Dünkü yazımdan sonra bir hayli etki-tepki aldım.
En keyiflisi de, “Akaydın, hiçbir iş yapmamasını türlü bahaneler üretip, suni gündemler yaratarak geçiştirmesinden bu millet bıktı. Sen de bunu yüzüne karşı söylemişsin. Yüreğine kurban, ağzına sağlık” olanıydı.
Birilerine abartıyorum gibi geldi değil mi?
Geldiği yere kadar.
Bir yorum da, “Hoca Türel’e mitomani hitabından gönderme yapıp, bildiğimiz Türkçe’yi kullanırsan daha yakışık alır demiş ama, Vedat bey senin soruna da kendisi Ajitasyon yaratmaya çalışıyorsun cevabı vermiş. Peki bu ne oluyor” diye yapılmış.
Ben ne diyeyim arkadaş.
Antalyalı zaten benim yerime denilmesi gerekeni diyor.
Şekil A’da olduğu gibi.
Hoca’nın basın toplantısının ardından, AKM’deki bir başka odada Akaydın ve İl Yönetimi ile birlikte çay içtiğimizi de belirtmiştim ya.
O sohbette İl başkanı Devrim Kök, “Muratpaşa İlçe Başkanımız Ercan Erkan olayı yanlış yere götürmüş. Bizim ön seçim şartımız yerel seçimlerdeki meclis üyeleri ve genel seçimlerdeki milletvekili aday belirlemeleri ve sıralamaları içindi” cevabı vermişti.
** ** ** ** ** **
Dursun Gündoğdu, uzun yıllarını verdiği gazetecilik mesleğinden emekli olup, internet gazeteciliğiyle günlerini geçiştirirken, adı önce Antalya Gazeteciler Cemiyeti’nin yaklaşan kongresi öncesi başkan adaylığı ile anıldı.
Şu sıralar da, CHP’den siyaset yapmaya soyunduğundan bahsediliyor.
Daha doğrusu bahsedilmekten ziyade, Gündoğdu’nun bu düşüncesini Konyaaltı’nda hayata geçirme uğraşı olduğunu tespit ettik.
Nitekim.,
Devrim Kök ile Ercan Erkan’ın, “Ön seçim isteriz” başlıklı toplantısında kendisi ile ilgili yapılan yorumlar, o yorumların arasında da Konyaaltı isminin geçmesinden sonra, Dursun Gündoğdu’nun her siyasetçi adayının yaptığı gibi soluğu Ankara’da alması, işin ciddiyetini ortaya koyuyordu.

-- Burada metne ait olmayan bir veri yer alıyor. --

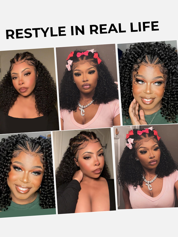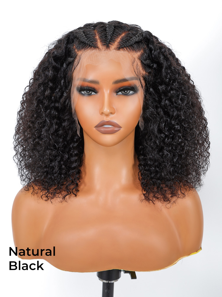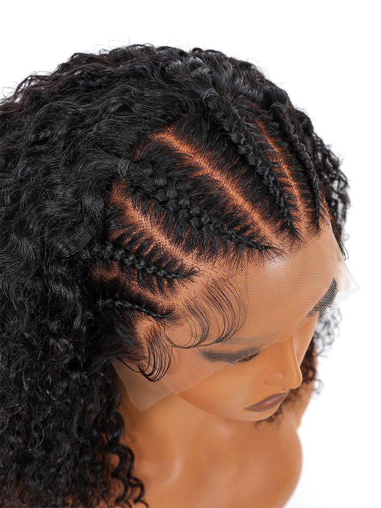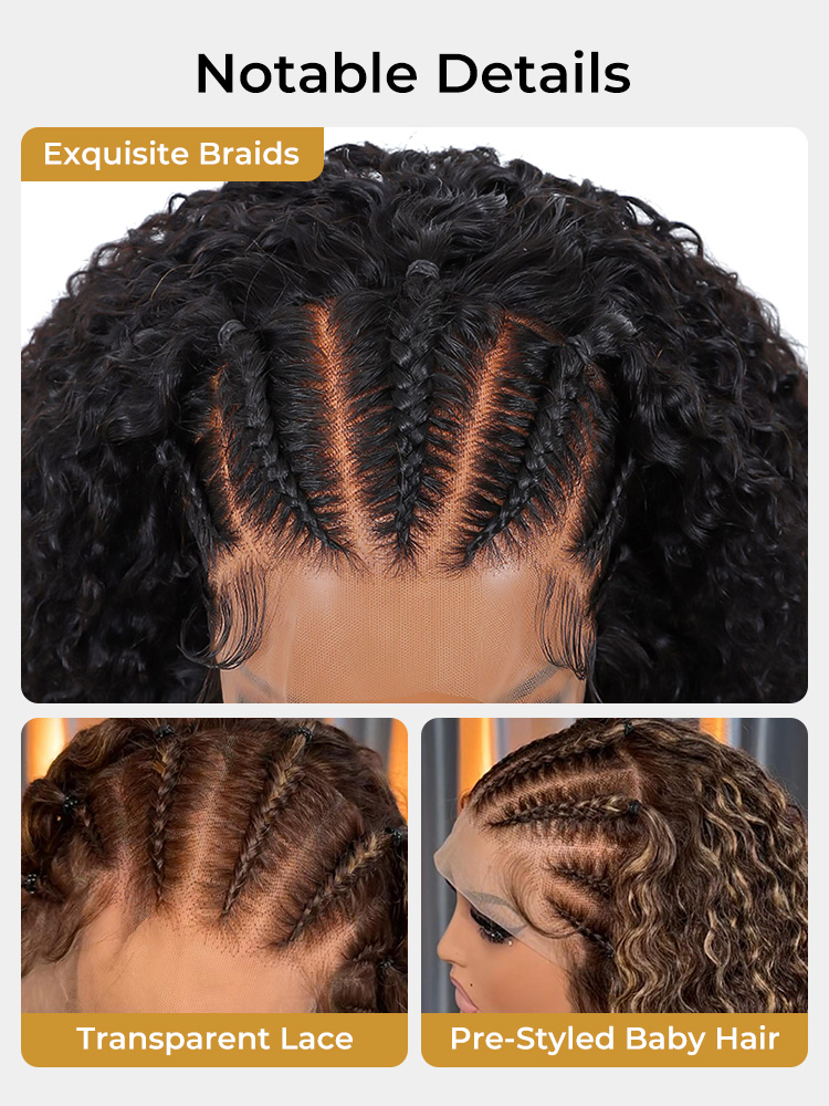 Alipearl 16 Inch Stylish Half-Cornrows Half-Curly Braided Wigs Styles,Striking Cornrows Flow Into Lush Curls, High Quality 100% Human Hair Curly Pre Braids Lace Front Wigs With Natural Hairline, Baby Hair Around, Thick Hair With Curly Ends,Get It Now!

Dün sabah erken saatlerde, İl Yönetimi’nden hatırı sayılır (!) birisiyle başkent yoluna düştüğünü öğrendiğimiz Gündoğdu, Genel Başkan Kılıçdaroğlu ile mi görüştü yoksa bir başka üst düzeyden mi icazet istedi bilemiyorum.
Hatta.,
Ben Dursun Gündoğdu’nun Ankara’ya gidişinden, “İlle de ön seçim” diye direten, “O ön seçimi biz sadece meclis üyeleri için talep ettik” diye de ekleyen İl Başkanı Kök’ün haberdar olduğuna adım gibi eminim.
Asıl mesele.,
Değerli meslektaşım ve sevgili büyüğüm Dursun ağabeyim Konyaaltı’na başkan olmayı mı düşünüyor yoksa meclis üyesi mi?
Cevabı şimdilik sanırım yoktur.
Yoktur dediğime bakmayın.,
Var canım var.
O da ‘Yıldırım’ hızıyla Ankara’dan döner dönmez kendisine sorduğumuzda ortaya çıkacak.
Başkan adayıysa Ankara’ya gitmekte haklı.
Ancak.,
Eğer ki gönlünden geçen meclis üyeliği ise, ön seçim şartını ortaya koyup, bu konuda kararlılığını dile getirip, aksi olması halinde istifadan bile bahseden İl Başkanından icazet alması yeterli değil mi?
Değil.,
Çünkü asıl icazeti verecek olan ön seçimdeki delegeler.
Merak bu ya.,
Dursun Gündoğdu CHP’ye üye mi ki?
Dursun ağabeyimiz Ankara’dan döndükten sonra, “Siz ne hayali kuruyorsunuz ki? Ben Başkent’e CHP’li birisiyle, CHP’li birisinin röportajını yapmaya, yani gazeteciliğimi uygulamaya gittim dese.”
Bizim, “Pardon” dememiz yeterli.
Biz deriz demesine de, Dursun Gündoğdu Konyaaltı konusuna, “pardon” der mi ki?